In [1]:
import pandas as pd

First of, import the CHEBI-hierarchy and the TCDB dfs

In [9]:
df_hierarchy = pd.read_csv("chebiHierarchy.tsv", sep="\t")
df_hierarchy['child'] = df_hierarchy['child'].str.extract(r'CHEBI_(\d+)').astype(int)
df_hierarchy['parent'] = df_hierarchy['parent'].str.extract(r'CHEBI_(\d+)').astype(int)
all_parents = set(df_hierarchy["parent"])

df_tcdb = pd.read_csv("../main_retry/tcdb_data_combined.csv")
all_chebi_tcdb = set(df_tcdb["CHEBI IDs"].unique())

Transformation from primary/secondary ChEBI ID to primary ID

In [10]:
prim_sec_chebi = pd.read_csv("primary_secondary_chebi_ids.tsv", sep="\t")
secondary_to_primary =  {}

for _, row in prim_sec_chebi.iterrows():
    primary_id = int(row["Primary_CHEBI_ID"])
    secondary_ids = eval(row["Secondary_CHEBI_IDs"])
    
    for s_id in secondary_ids:
        secondary_to_primary[s_id] = primary_id

def get_primary_id(chebi_id):
    chebi_id = int(chebi_id)
    return secondary_to_primary.get(str(chebi_id), chebi_id)

In [11]:
all_primary_chebi_tcdb = set([get_primary_id(el) for el in all_chebi_tcdb])

df_hierarchy_prim = df_hierarchy.copy()
df_hierarchy_prim["child"] = df_hierarchy["child"].apply(get_primary_id)
df_hierarchy_prim["parent"] = df_hierarchy["parent"].apply(get_primary_id)

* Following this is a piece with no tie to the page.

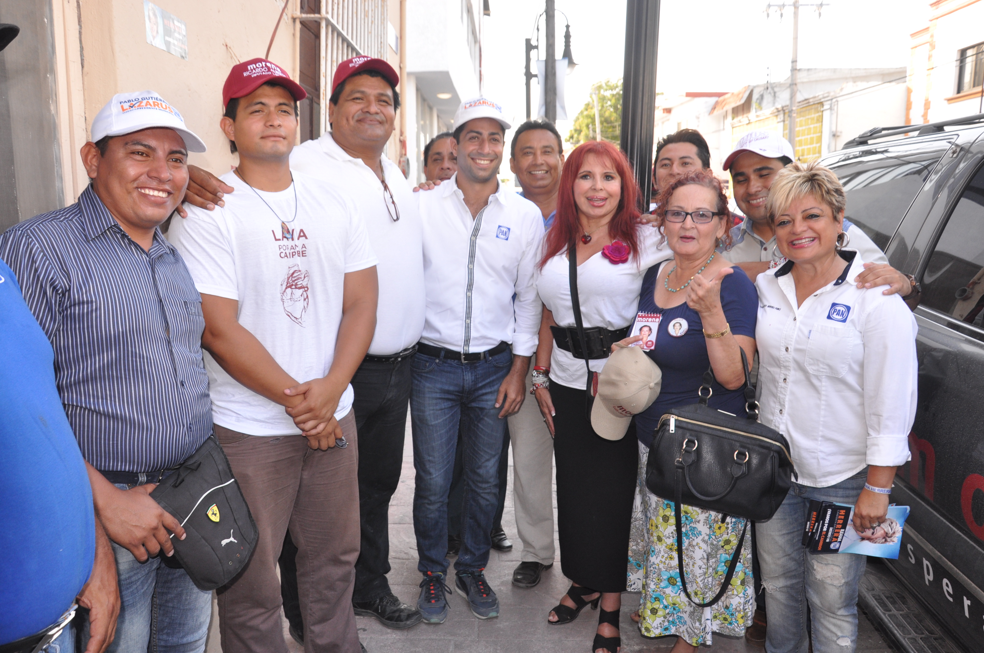 En su recorrido por la colonia Guanal, la candidata de Morena a la gubernatura se encontró con panistas que acompañaban a la aspirante a la diputación local por el VIII Distrito, quienes le pidieron tomarse fotos con ellos.

all_children = df_hierarchy_prim["child"].unique().tolist()
not_in_hierarchy = [id for id in all_primary_chebi_tcdb if id not in all_children]

*Method 1*

Filter out all ChEBIs that are not leaf nodes.

In [None]:
df_filtered = df_hierarchy_prim[~df_hierarchy_prim["child"].isin(all_parents)]
leaf_nodes = df_filtered["child"].unique().tolist()

# Just a curiosity here
common_children = [id for id in all_primary_chebi_tcdb if id in leaf_nodes]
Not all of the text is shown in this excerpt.